Thomas Bunchman, President

Thomas Bunchman is our President, a position he held since our inception. Mr. Bunchman also owned and operated our affiliate, JumpBunch®, a position he held from July. 1997 until its sale in October, 2006.

Kathleen Bunchman, Secretary

Kathleen Bunchman is our Secretary, a position she held since our inception, and works actively with day to day JumpBunch® operations. Ms. Bunchman was a substitute teacher at St. Mary's Elementary School from August, 1996 to June, 2003.

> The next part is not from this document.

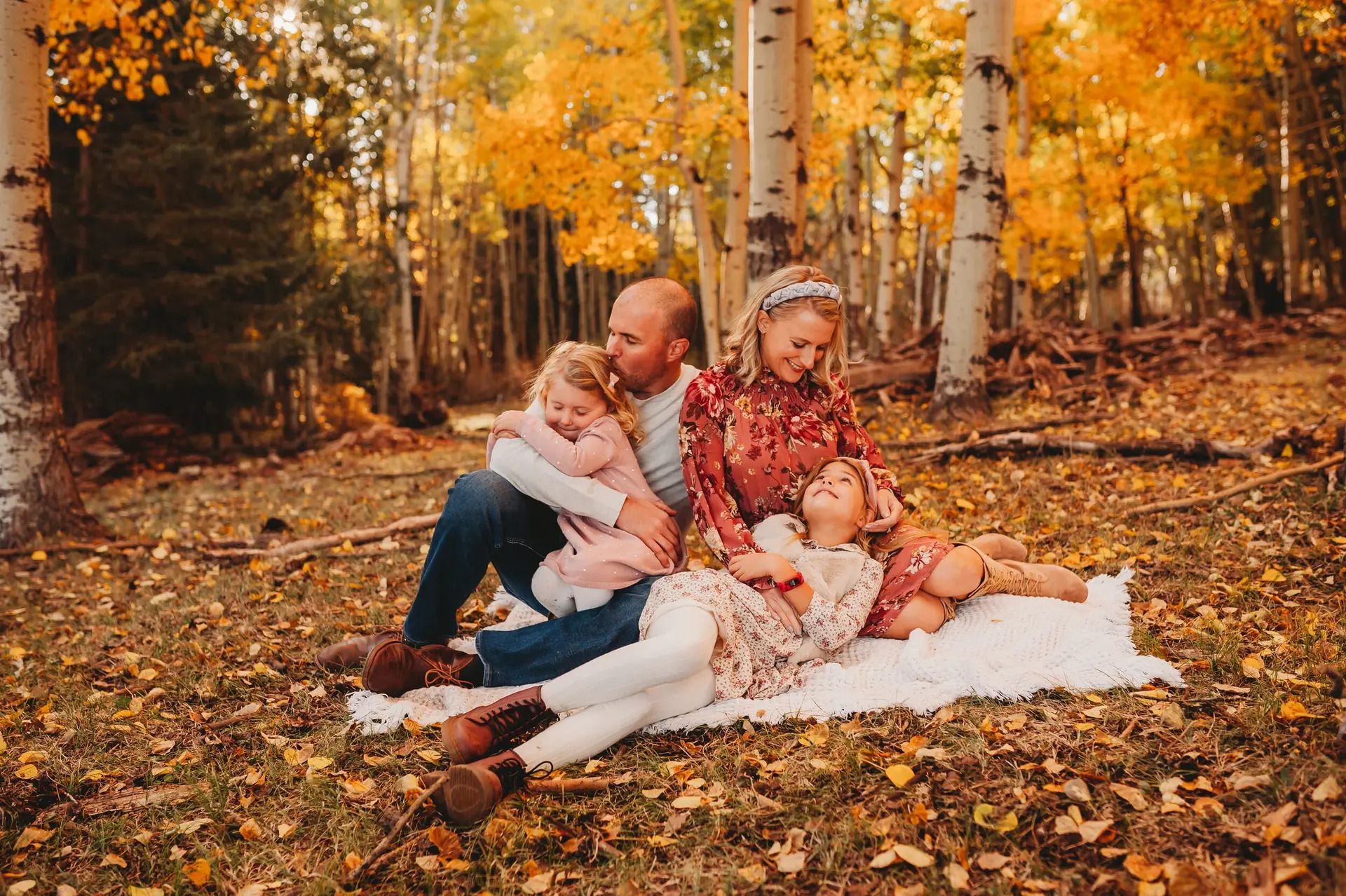 Position your subjects at the edge of tree cover, not directly under it. This gives you Fall context in the frame while avoiding the harsh light patches.

Timothy Lee Holadia, Franchise Sales Broker

Timothy Lee Holadia is our Franchise Sales Broker, a position he has held since April, 2007. Mr. Holadia also is President and Chief Executive Officer of FRANMOGUL, in Virginia Beach, Virginia, a position he has held since July, 2006. Mr. Holadia was Vice President and Director of Franchise Development for Geeks on Call America in Norfolk Virginia, from February, 2001, to July, 2006.

ITEM 3 LITIGATION

No litigation is required to be disclosed in this offering circular.

ITEM 4

BANKRUPTCY

No person previously identified in Items 1 or 2 of this offering circular has been involved as a debtor under the U.S. Bankruptcy Code required to be disclosed in this Item.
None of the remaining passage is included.